JUDY KRAVIS

www.roadbooks.ie

Monday 5 May 2014

‘That would be a glorious life, to addict oneself to perfection; to follow the curve of the sentence wherever it might lead, into deserts, under drifts of sand, regardless of lures, of seductions; to be poor always and unkempt; to be ridiculous in Piccadilly.‘ The Waves p. 74

When I first read The Waves in 1968 I marked sentences that leapt at me, and on every subsequent reading I meet the younger self who chose this sentence over that, who was moved by this coincidence of VW’s reach for reality, and her own.

There are sentences that arrest, perplex and then release you a happier camper than you were before, fulfilled and relieved.

Robert Musil: ‘Two weeks later Bonadea had already been his mistress for a fortnight’. Beckett: ‘You have to be there better than that, Clov, if you want them to let you go, in the end’.

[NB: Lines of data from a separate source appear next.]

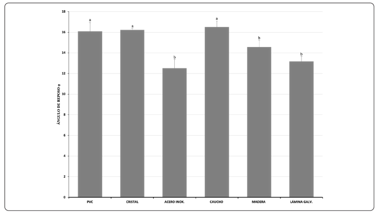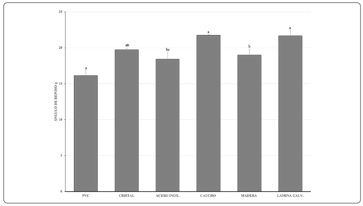 Para establecer el ángulo de reposo se utilizó un cilindro sin fondo de plástico de 10 cm de diámetro y 20 cm de altura, de manera manual el cilindro se llenó con una muestra de 200 g de semillas; colocándolo sobre distintas superficies planas, se levantó el tubo a una velocidad constante, de manera que el total de las semillas fluyeran formando un montículo; midiendo su altura y el diámetro del montículo, en las superficies (acero, plástico, caucho, lámina galvanizada, madera y cristal), que en general se utilizan como material de transporte en el proceso agroindustrial del producto.
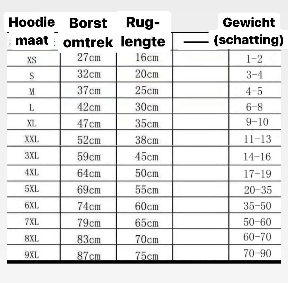Om je hond voor een hoodie te meten focus je allereerst op maat B, borstomtrek. De ruglengte, maat A, geeft een idee hoe lang de hoodie op de rug van de hond zal zijn, maar maat B primeert altijd. Bij twijfel tussen twee maten neem je best de grotere van de twee.
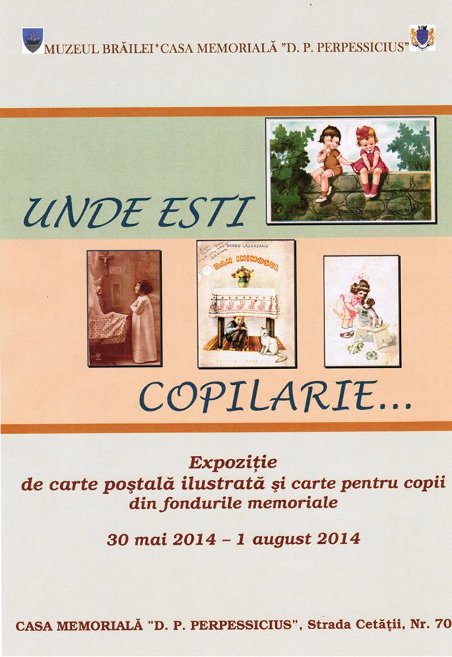 Cei mici şi cei mari sunt aşteptaţi să descopere o altă reprezentare a copilăriei, în expoziţia "Unde eşti copilărie...", deschisă la Muzeul Brăilei - Casa Memorială "Dumitru Panaitescu Perpessicius" (str. Cetăţii nr. 70). Vă aşteptăm să descoperiţi piesele de cartofilie şi tipăriturile expuse, toate din fondurile "Memoriale" ale Muzeului Brăilei - motiv de desfătare a ochiului şi, în acelaşi timp, o sursă de cunoaştere a istoriei cărţii poştale ilustrate cu tema "copilul şi copilăria" -, precum şi câteva din cărţile pentru copii, semnate de autori renumiţi şi ilustrate de ilustratori importanţi.
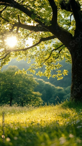 tree, shining, sunlight, tree branch, grassy, hillside, grass, green, plant, sun, leaf, trunk, growing, illuminating, light, scenic, natural, environment, day, summer, spring, warm, nature, landscape, meadow, field, flora, horizon, vegetation, rural, backlit, sunbeam, timberland, wood, hill, park, tranquil, calm, peaceful, fresh, seasonal, countryside, botany, sunny, daylight, foliage, golden hour, morning
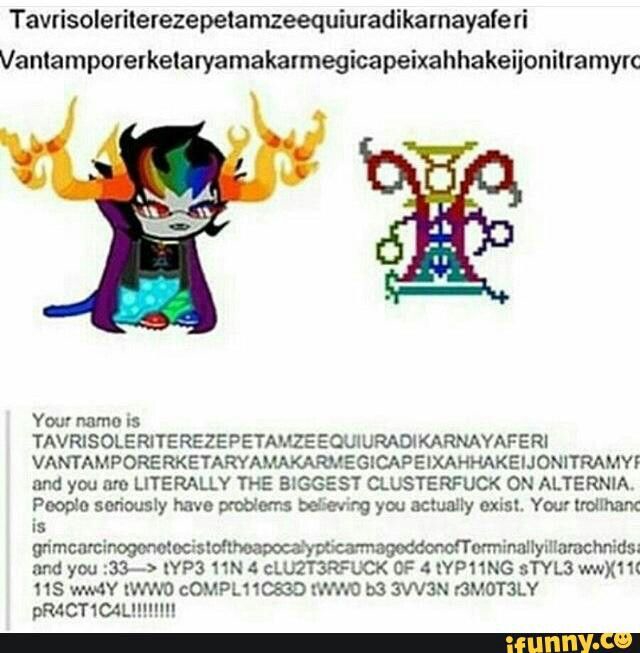 >>1373962 И чё это за хуйня? В пространстве парадоксов Каркат и Канкри взаимные предки. Значит, в Пост-царапинной вселенной Канкри в роли Страдателя предок Карката, а в Пре-царапинной вселенной предком Канкри должен быть Каркат в какой бы то ни было итерации. И у Карката, и у Канкри по-человечески красная кровь - так уж получилось у Карката в эксперименте в лаборатории. С хуёв каких тут у нас лаймокровый взялся и с хуёв у него уже симовол 69, если Страдателя на Бефорусе не было?

The first sentence I read, aged three or so, was ‘Busy Timmy puts on his outdoor shoes’. Busy Timmy was there and not there, in the words as in the blue romper suit in the picture. When I moved to Ireland I had to say how many books I was importing, how many records. 'If you had a television you wouldn’t need any of that', said the man who came to fix the cooker. I was discomfited and joyful at the same time.